Я не сомневалась, что рожу без обезболивания. Сначала боли и неудобств нет, но потом все идет по нарастающей. Через восемь часов после начала родов и три часа после начала схваток мое терпение заканчивается – я истошно зову бригаду анестезиологов. Я честно терпела два часа под недоуменным взглядом медсестры, которая относилась к моим отказам сделать эпидуральную анестезию как к прихоти обезумевшей роженицы. «В родительном отделении и не такие выверты случаются», – думала, наверное, Рози. Но до родов я была убежденной противницей обезболивания этого естественного процесса, через который прошли все мои предшественницы, – ведь никто от родовой боли пока не умирал. К тому же я боялась осложнений для себя и ребенка – вдруг сделают неверный укол или возникнет аллергия на медикаменты? Но знаете, если бы моей маме, бабушке или прабабушке во время родов предложили обезболивание, я уверена, ни одна не отказалась бы. Потому что это здесь, на тихом берегу безболезненного состояния ты можешь разумно оценивать риски и размышлять о естественном родовом пути, а там, в кипящем аду невыносимой боли, действуют другие законы, и ты умоляешь о прекращении мучений.
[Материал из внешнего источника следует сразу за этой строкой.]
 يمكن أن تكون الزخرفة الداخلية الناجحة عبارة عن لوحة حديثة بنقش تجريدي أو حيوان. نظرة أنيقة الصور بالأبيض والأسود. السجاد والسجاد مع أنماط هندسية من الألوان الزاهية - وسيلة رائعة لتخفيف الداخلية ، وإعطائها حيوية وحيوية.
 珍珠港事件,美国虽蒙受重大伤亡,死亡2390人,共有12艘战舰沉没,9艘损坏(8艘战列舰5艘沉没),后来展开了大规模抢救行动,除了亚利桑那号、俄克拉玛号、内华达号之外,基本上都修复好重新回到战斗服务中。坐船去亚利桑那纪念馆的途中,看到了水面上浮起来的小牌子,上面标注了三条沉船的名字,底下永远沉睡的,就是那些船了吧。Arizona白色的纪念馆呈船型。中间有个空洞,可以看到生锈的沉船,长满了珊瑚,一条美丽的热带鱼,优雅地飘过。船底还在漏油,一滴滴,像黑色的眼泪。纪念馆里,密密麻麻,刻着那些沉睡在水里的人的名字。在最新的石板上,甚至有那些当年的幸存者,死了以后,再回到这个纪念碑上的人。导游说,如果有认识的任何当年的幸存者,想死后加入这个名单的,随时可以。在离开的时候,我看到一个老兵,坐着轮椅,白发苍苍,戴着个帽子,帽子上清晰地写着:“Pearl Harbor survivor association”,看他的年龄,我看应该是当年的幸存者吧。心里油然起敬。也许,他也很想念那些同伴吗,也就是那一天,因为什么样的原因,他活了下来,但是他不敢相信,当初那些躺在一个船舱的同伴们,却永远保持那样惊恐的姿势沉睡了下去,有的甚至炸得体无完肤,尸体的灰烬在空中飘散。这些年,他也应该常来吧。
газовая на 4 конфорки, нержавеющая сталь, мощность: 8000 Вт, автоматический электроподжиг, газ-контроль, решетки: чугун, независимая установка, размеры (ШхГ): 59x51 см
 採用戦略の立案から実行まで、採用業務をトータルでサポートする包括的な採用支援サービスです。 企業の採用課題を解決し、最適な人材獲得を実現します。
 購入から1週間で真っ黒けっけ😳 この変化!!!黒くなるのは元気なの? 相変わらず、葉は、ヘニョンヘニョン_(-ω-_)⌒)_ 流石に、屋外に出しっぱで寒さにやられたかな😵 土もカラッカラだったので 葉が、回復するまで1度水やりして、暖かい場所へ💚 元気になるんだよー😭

После анестезии еще шесть утомительных часов я лежу в кровати без болезненных ощущений, а затем два часа снова воплю от боли, и наконец мне кладут на грудь мою великолепную дочь.

– Моя милая, любимая девочка, – и через секунду, – что у нее с ручкой?!
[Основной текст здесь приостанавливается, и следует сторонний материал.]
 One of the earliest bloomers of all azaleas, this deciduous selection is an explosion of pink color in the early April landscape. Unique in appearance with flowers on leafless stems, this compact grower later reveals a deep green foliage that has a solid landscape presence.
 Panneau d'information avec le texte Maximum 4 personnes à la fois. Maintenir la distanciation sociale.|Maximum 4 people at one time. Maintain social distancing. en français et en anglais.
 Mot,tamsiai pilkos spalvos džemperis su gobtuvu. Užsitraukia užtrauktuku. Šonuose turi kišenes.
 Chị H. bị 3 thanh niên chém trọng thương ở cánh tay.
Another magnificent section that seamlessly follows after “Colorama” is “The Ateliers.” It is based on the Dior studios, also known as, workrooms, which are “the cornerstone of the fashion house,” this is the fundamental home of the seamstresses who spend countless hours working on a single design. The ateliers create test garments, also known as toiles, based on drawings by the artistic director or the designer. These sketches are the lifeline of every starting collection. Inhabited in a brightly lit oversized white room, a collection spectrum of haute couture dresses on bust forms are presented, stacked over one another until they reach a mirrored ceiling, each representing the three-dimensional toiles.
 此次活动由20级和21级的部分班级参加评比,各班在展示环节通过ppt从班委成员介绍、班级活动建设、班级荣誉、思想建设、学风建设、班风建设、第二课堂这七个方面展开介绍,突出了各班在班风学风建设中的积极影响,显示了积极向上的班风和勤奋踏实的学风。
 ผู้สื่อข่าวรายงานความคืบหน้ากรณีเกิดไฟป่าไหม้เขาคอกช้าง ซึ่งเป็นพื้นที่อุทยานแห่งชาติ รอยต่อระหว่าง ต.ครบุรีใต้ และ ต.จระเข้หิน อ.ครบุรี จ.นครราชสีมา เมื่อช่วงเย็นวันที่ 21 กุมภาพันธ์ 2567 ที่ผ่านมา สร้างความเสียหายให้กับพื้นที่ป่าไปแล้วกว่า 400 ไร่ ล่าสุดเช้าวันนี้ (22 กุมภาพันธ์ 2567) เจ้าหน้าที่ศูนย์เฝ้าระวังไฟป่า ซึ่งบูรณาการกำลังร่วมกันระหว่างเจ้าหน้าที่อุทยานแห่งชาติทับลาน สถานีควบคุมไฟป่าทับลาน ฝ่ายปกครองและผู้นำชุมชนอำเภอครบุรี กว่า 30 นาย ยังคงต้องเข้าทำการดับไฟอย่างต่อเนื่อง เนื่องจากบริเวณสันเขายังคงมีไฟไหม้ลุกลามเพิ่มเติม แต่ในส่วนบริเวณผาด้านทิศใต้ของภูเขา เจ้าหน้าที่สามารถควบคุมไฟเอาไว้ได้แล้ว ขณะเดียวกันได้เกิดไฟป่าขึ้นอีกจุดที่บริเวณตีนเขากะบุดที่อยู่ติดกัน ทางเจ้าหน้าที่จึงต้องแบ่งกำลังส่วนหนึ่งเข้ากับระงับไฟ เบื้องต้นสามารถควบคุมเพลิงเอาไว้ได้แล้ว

Я закричала так, будто врач мог вложить девочку мне обратно, поколдовать – и вытащить снова, но уже с пятью пальцами вместо двух.

Американские прогрессивные госпитали настаивают на правиле 24 часов контакта «кожа к коже». В это время ребенок должен быть приложен максимально обнаженным телом к матери, отцу или другому родственнику.

Я очень жалею, что первый момент нашего соприкосновения омрачен моим шоком, несдержанной реакцией. Чтобы прийти в себя, мне потребовалось несколько долгих секунд. Хорошо, что инстинкты идут впереди разума: пока я осознавала произошедшее, руки уже прижали дочь к груди. Врач, медсестры и неонатолог рассматривают девочку всего минуту, не забирая ее у меня, и констатируют искренне и умиленно: «Какая же она красивая!» Я абсолютно счастлива.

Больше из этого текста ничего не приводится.